Serving Clovis, Portales and the Surrounding Communities

Pages past, May 29: Lightning blamed for 58 cattle deaths

On this date ...

1972: A rancher 5 miles north of Melrose lost 58 head of cattle in a Sunday night storm.

“There’s no way to figure the cost of this to me,” Deon Dodd said as he replaced fencing removed to allow trucks to haul carcasses away.

He estimated the animals’ value at $10,000 “at the least.” The cost of replacing the herd was unknown.

Dodd told a reporter the cattle were near a lake on his property when they were likely killed by lightning “either while they stood bunched together in water around the lake or while they were crowded against a barbed wire fence that runs through the lake,” the Clovis News-Journal reported.

But he said some of the cattle might have died from drowning, rushing into the water after being stunned by the bolt of lightning.
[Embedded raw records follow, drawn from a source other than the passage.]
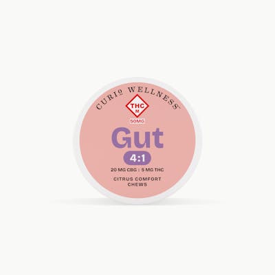 Discover Gut 4:1 Citrus Ginger Chews, part of Curio Wellness' Best Self Collection. Crafted for easy enjoyment, these chews blend bright citrus with a hint of ginger for a refreshing, balanced flavor experience. Featuring a 4:1 ratio of CBD to THC (20mg CBD : 5mg THC), Gut Citrus Ginger Chews are designed with balance and consistency in mind. Each chew is made with high-quality, natural ingredients and cconsumer tested to ensure consistent flavor and quality, offering a plant-based indulgence that fits naturally into your daily routine.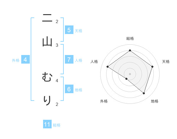 二山 むりさんの総格は11画の4点!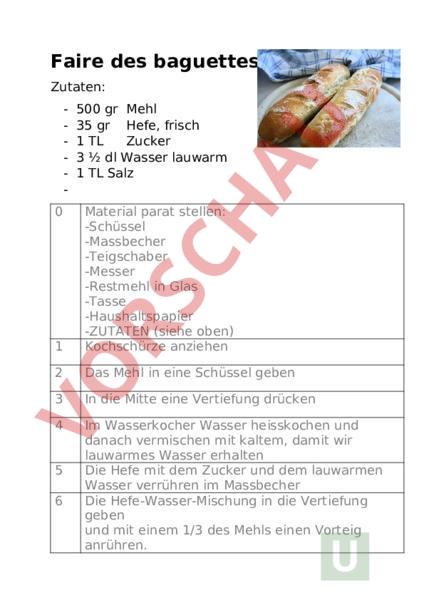 Faire des baguettes Zutaten: 0 500 gr Mehl 35 gr Hefe, frisch 1 TL Zucker 3 dl Wasser lauwarm 1 TL Salz 1 Material parat stellen: -Schüssel -Massbecher -Teigschaber -Messer -Restmehl in Glas -Tasse -Haushaltspapier -ZUTATEN (siehe oben) Kochschürze anziehen 2 Das Mehl in eine Schüssel geben 3 In die Mitte eine Vertiefung drücken 4 Im Wasserkocher Wasser heisskochen und danach vermischen mit kaltem, damit wir lauwarmes Wasser erhalten Die Hefe mit dem Zucker und dem lauwarmen Wasser verrühren im Massbecher Die Hefe-Wasser-Mischung in die Vertiefung geben und mit einem 1/3 des Mehls einen Vorteig anrühren. 5 6 7 20 Minuten gehen lassen 8 Das Salz auf dem Mehlrand verteilen 9 Alles von der Mitte her miteinander verkneten. Den Teig solange durchkneten, bis er schön glänzt und sich vom Schüsselboden löst. Zugedeckt mit einem Küchentuch 45 Minuten gehen lassen Backofen vorheizen auf 220 Grad Celsius 10 11 12 13 Den Teig auf einer bemehlten Arbeitsfläche in 4 Stücke teilen Daraus je eine 25 cm lange Rolle formen 14 Nochmals 15 Minuten gehen lassen 15 Ein Bachblech mit Backpapier belegen 16 Das Backpapier mit wenig Butter auf Haushaltspapier ausstreichen, dort wo Baguette draufliegen werden Die Rollen nebeneinander darauflegen und jeweils vier bis fünfmal schräg einschneiden eine Tasse heisses Wasser in den vorgeheizten Backofen stellen und das Blech mit den Baguettes hineinschieben 15 Minuten bei 220 Grad Celsius backen 17 18 19 20 Die Brote aus dem Ofen nehmen, sofort mit heissem Wasser bestreichen und zum Abkühlen auf eine Kuchengitter legen Bon appétit!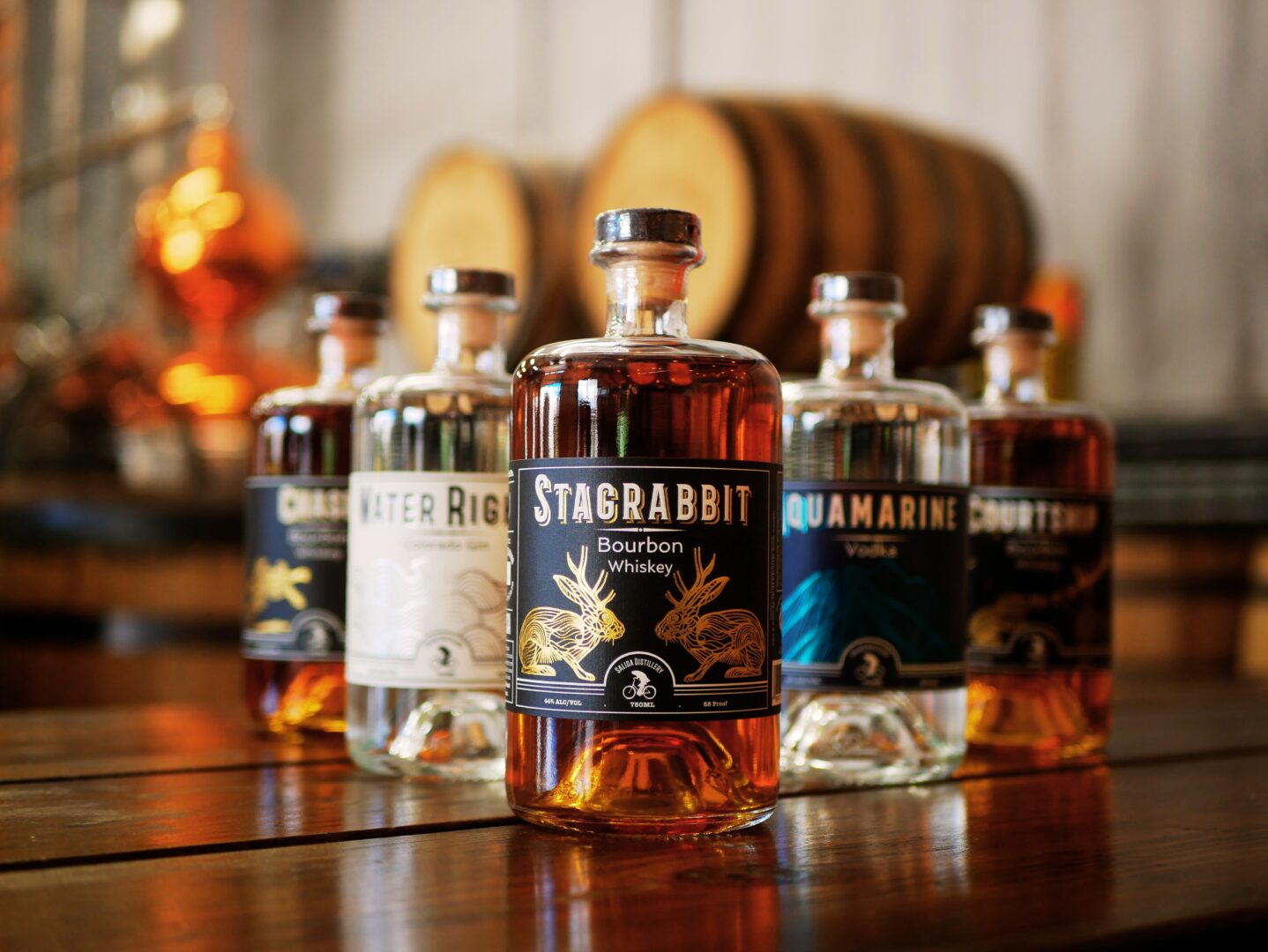 We are currently producing and self distributing our three flagship spirits; StagRabbit, a blended bourbon, Water Rights, a botanical gin, and Aquamarine a double filtered vodka. We get our grains from the San Luis Valley and donate a portion of all bottle sales back to a local non-profit. From its origin we wanted to build a company that lifted up this local economy and participated in environmentally consciouses practices. We are the only distillery in the state of CO to be recognized as a gold level Colorado Green Business Network, and two out of three of our products have received medals in an international spirit competition put on by the ADI (American Distilling Institute).

“We’ll never know for sure,” he said.

The storm dumped 3.2 inches of rain on Dodd’s ranch and left large drifts of hail across the region.

Dodd spent much of his night and early the next morning using his tractor to help motorists get through an area of State Road 88 that was covered by several feet of water.

He said he did not know how many cattle he’d lost until after sunup. He said 11 head of livestock in the same pasture survived the storm.

“After word of his loss spread through the Melrose community, help started coming from friends and neighbors,” the Clovis News-Journal reported. “Mrs. Mary Lou Bagwell at the First National Bank branch in Melrose said people were contributing money and in many cases were giving calves to help Dodd replenish his herd.”

Dodd said he was deeply moved by the help.

“Be sure and express my thanks,” he told a reporter. “My neighbors have sure been nice.”